If it sounds like I, a blogger, am saying an award-winning, Finals-winning coach should’ve done more, it’s because I am! Have we not seen a furious Popovich charge the court before? Do we seriously think he cares about cordiality or communication norms? Is his job not, utterly boiled down, to instruct players what to do? DeRozan grabbed Murray’s rebound with not even enough time for him to heave a 3 of his own.

A similar what-the-fuck moment for the Night King, who, for someone who wants to wipe out Westeros’s history, doesn’t seem to understand time management. Once he finally reached Bran in the forest, he emerged from the crowd of wights with all the speed of a wedding processional. After killing Theon, the Night King then walked over to Bran. Walked! To his enemy! To the one who holds what he wants most! Stroll, light jog, skip, do the Naomi Campbell walk for all I care! But don’t just walk! Arya had to make a 15-foot broad jump MINIMUM to get to the Night King right as he reached for his sword—S-L-O-W-L-Y reached, by the way—and he only turned to catch her a millisecond before that Valyrian steel reached his heart. He also didn’t crush her right away, despite his hand being on her neck, leading to his fate: death by a Jordan-inspired midair hand switch.

Roster Help

Earlier in the episode, Arya climbed under tables and tiptoed around a library to avoid being discovered by a group of wights. Right—she’s sneaky. But you’d still think that the Night King or any of the wights and Walkers that surrounded him could have heard her as she ran up to him without any complication. I know communication isn’t a strength for wights or White Walkers, but there wasn’t so much as a grunty AIDUEHRBDHKJSH noise from any of them to tell their boss, “Hey man, watch out.”

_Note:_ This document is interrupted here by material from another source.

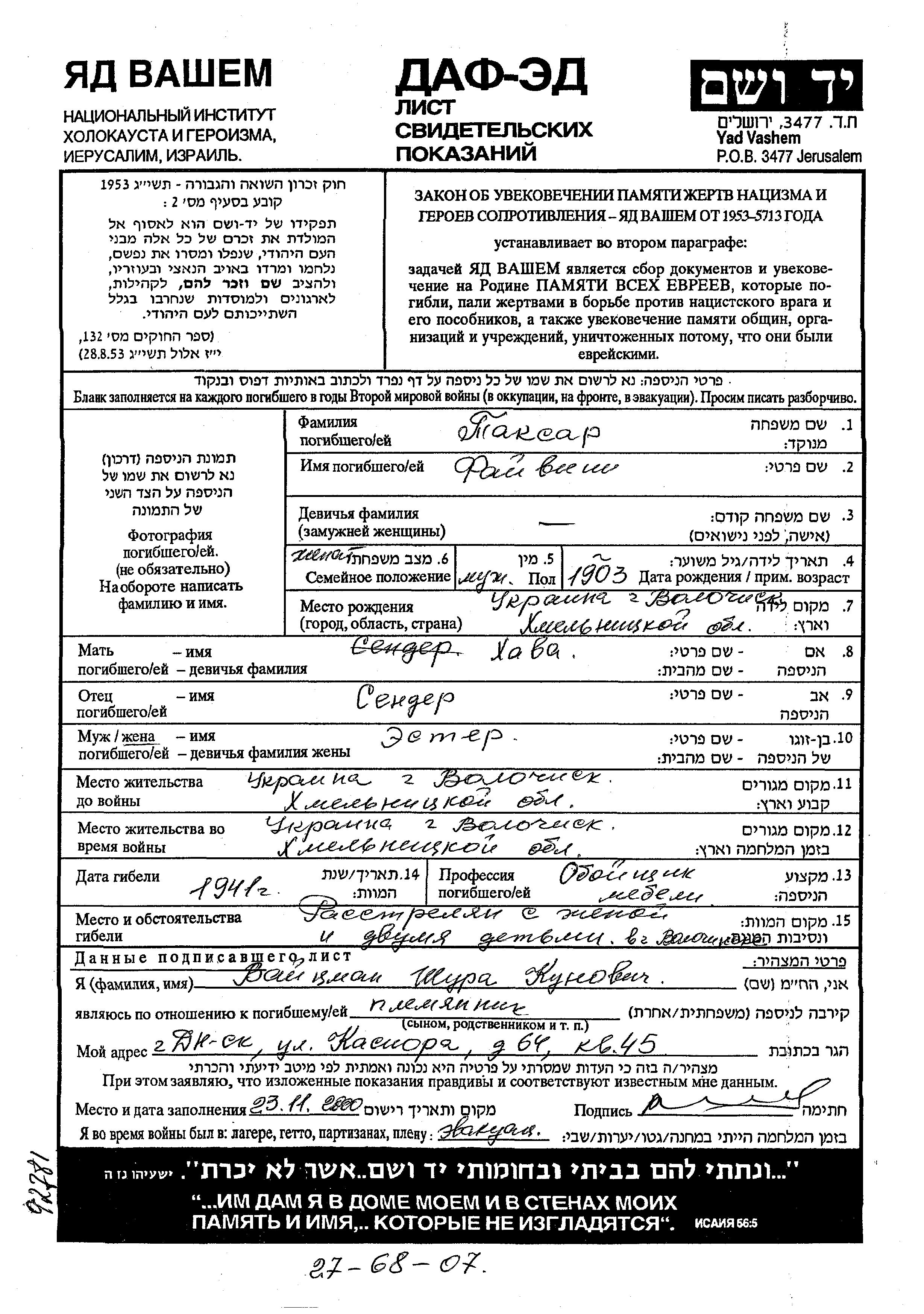 הוא נרצח בשואה. מקום המוות: Volochisk שבאוקראינה (ברה"מ) בשנת 1941.

To make matters worse, they’re all vets. Think about how long these guys have been in the game—a literal lifetime. The same goes for San Antonio’s vets on the court, and, again, for Popovich, the longest-tenured coach in the NBA. The army of the dead is an army of brain farters, and I’m still blaming them. The Spurs coaching staff is supposed to be the best in the league.

Disclosure: HBO is an initial investor in The Ringer.